Opinión
Hasta que nadie deba decir que no puede más
Defender la salud mental colectiva implica caminar hacia un trabajo sano en una sociedad antifascista, justa y esperanzada
Por lo visto existen aplicaciones con reclamos como los siguientes. “Manténgase productivo sin importar dónde se encuentre”. “Experimente la productividad como nunca”. A una de estas invitaciones contestaba hace días Nacho Vegas recordando que “tantas cosas bonitas en la vida se hacen de manera no productiva”. El músico ponía varios ejemplos: “amar, soñar, charlar animadamente, follar, canturrear, hallar amparo, escuchar una canción, silbarla, leer un poema y compartirlo, cuidar, holgazanear”.
Si algo, además de la belleza, tienen en común esos verbos, además de sus efectos terapéuticos en nuestro bienestar, es que especialmente abrigan en la helada y refrescan en la combustión.
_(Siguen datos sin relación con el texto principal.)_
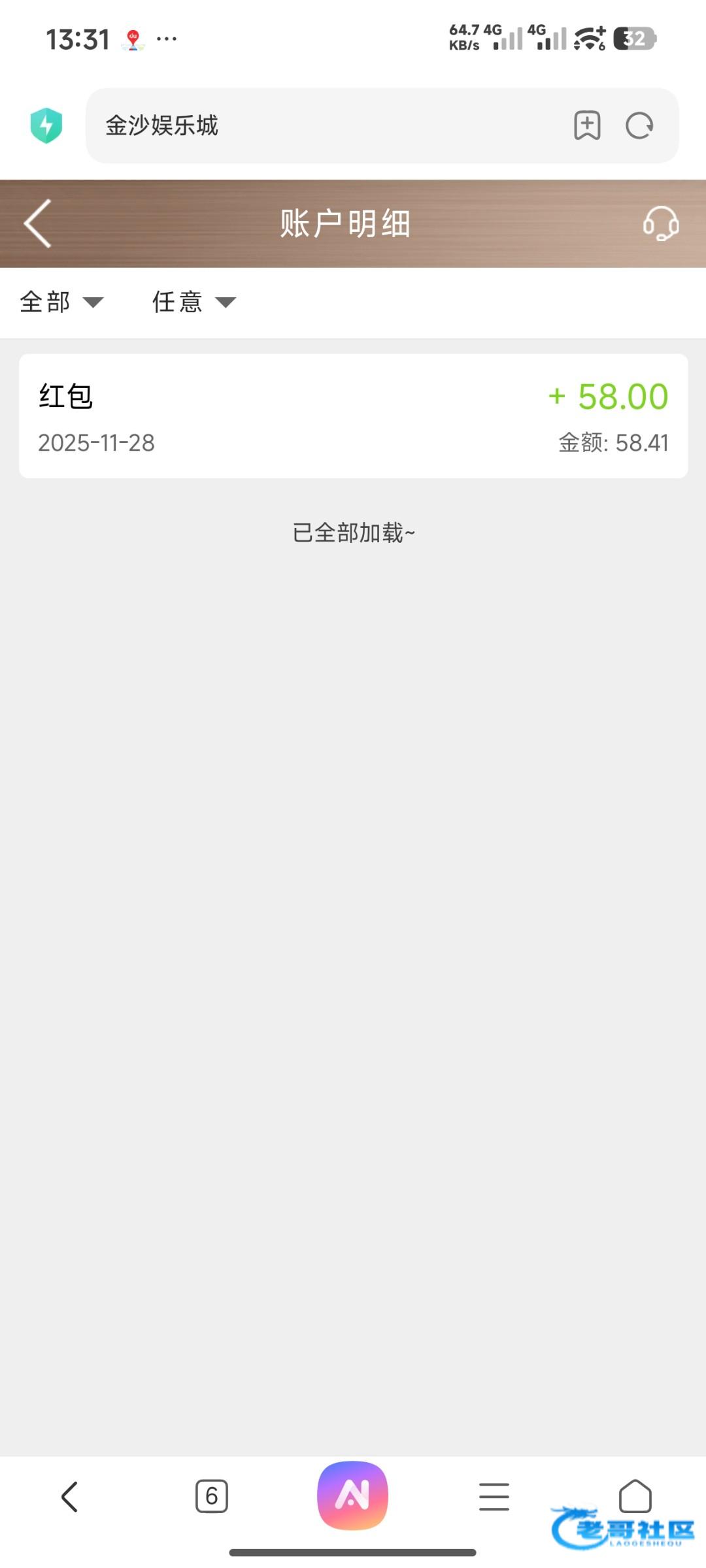 送58收到短信就登陆上去看了一下,登陆就有,我充值过,不过有一两年没充值了,VIP3,应该是登陆有就有没有就没有。链接hgcj.us

La salud mental entra en 2022 como tema mainstream, pocas dudas quedan ya. No es solo que ecoansiedad sea una de las candidatas a palabras del año para Fundeu. Ya nadie puede sorprenderse de decir o recibir ese triste “no me da la vida” que solo puede tomar como sinónimo de éxito personal un suicida emocional o alguien a quien le hayan despojado del apego a seguir siendo humano. La lucha será, durante todo el nuevo año y los siguientes, por no anecdotizarlo, no normalizarlo. Por politizarlo.
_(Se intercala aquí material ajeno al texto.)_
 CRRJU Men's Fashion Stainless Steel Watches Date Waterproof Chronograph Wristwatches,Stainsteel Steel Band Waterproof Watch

No se debería poder hablar de salud mental con seriedad sin hacerlo de trabajo. Que es hacerlo de la total falta de empleo o de uno estable o, cuando lo hay, del grotesco robo de tiempo que suponen algunas labores prescindibles y redundantes a estas alturas de la película posindustrial. Poner sobre la mesa cómo está de absurdamente mal repartido entre quien trabaja más de lo que puede y quien lo hace menos de lo que necesita. Visibilizar que un mercado laboral que tiende a la externalización, la atomización, el trabajo discontinuo o por proyectos y la oferta a la baja favorece íntimas inestabilidades.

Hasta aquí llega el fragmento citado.